2017 ESA Annual Meeting (August 6 -- 11)

PS 25-108 - Unique seasonal variation of prokaryotic assemblages of coastal sea of Yellow Sea, South Korea

Tuesday, August 8, 2017
Exhibit Hall, Oregon Convention Center
Jong-Geol Kim1, Joo-Han Gwak1, Sanghoon Kang2 and Sung-Keun Rhee1, (1)Chungbuk National University, Korea, Republic of (South), (2)Biology, Baylor University, Waco, TX
Background/Question/Methods

As a part of the long-term marine ecosystem research project, we studied microbial communities from 9 locations of two bay areas (Garolim and Gyunggi) of Yellow Sea, South Korea for one year. In Garolim area, there is active water exchange in the open sea without much influx of freshwater from land. In contrast, the Gyunggi area receives large quantities of nutrient-rich freshwater input from the Han River. The objective of the study was to provide baseline description of seasonal variations of microbial communities and relationships with environmental factors. Bacterial and archaeal communities were analyzed by targeting V4-V8 region of 16S rRNA gene using 454 GS-FLX Titanium pyrosequencing technology.
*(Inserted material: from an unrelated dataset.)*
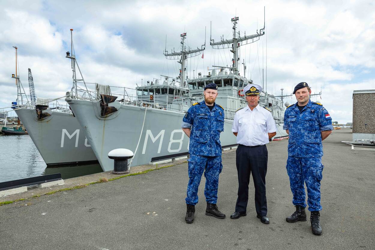 KLTZ Gerben Koren, KTZ Lex van der Kraan en LTZ 1 Ludo Willems voor ex-Zr.Ms. Urk in de haven van Den Helder.
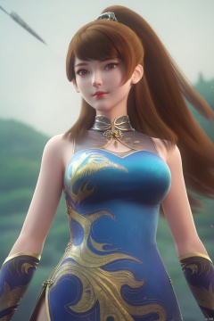 1girl, solo, long hair, looking at viewer, brown hair, dress, brown eyes, ponytail, weapon, chinese clothes, china dress,

Sequence reads were first processed through QIIME pipeline, and OTU table was prepared based on Greengenes 13_8 database with 0.97 similarity cutoff. Data analysis and statistical modeling were carried out with packages and scripts in R (v. 3.3.1). Total of 16 environmental factors were measured including salinity, pH, DO, nutrients and chl-a concentration ([chl-a]).

Results/Conclusions

While archaeal diversity increased from February to October, bacterial diversity was higher in April and October and lower in July. Archaeal diversity was well modeled using pH, DOC, POC and PO43- with adjusted R2 of 0.751, but bacterial diversity was less well predicted with the measured environmental parameters (R2adj = 0.326). Overall community structures were similar between archaea and bacteria, and they were well correlated with the environmental factors. Seasonal patterns were clear for both archaeal and bacterial communities in that their community structures were distinctively clustered per season (P < 0.001 by PERMANOVA). However, two bay areas did not harbor distinctive archaeal and bacterial communities, and environmental factors. The RDA ordinations between archaeal and bacterial communities were similar (t = 0.641, P < 0.001 by Procrustes test), but the RDA models with environmental factors were distinctive. Archaeal communities were well explained by salinity, temperature, DO, NH4+, PO43-, SiO2 and [chl-a] with 56.8% explainable variance by the first 2 axes. Bacterial community model was built with salinity, temperature, pH, DO, NO2-, PO43- and [chl-a] with 39.7% explainable variance by the first 2 axes. Overall, we were able to identify clear seasonal patterns in both bacterial and archaeal communities, and distinctive diversity and associated environmental parameters between bacterial and archaeal communities, in which archaeal communities were better predicted by environmental conditions of Yellow Sea salt marsh.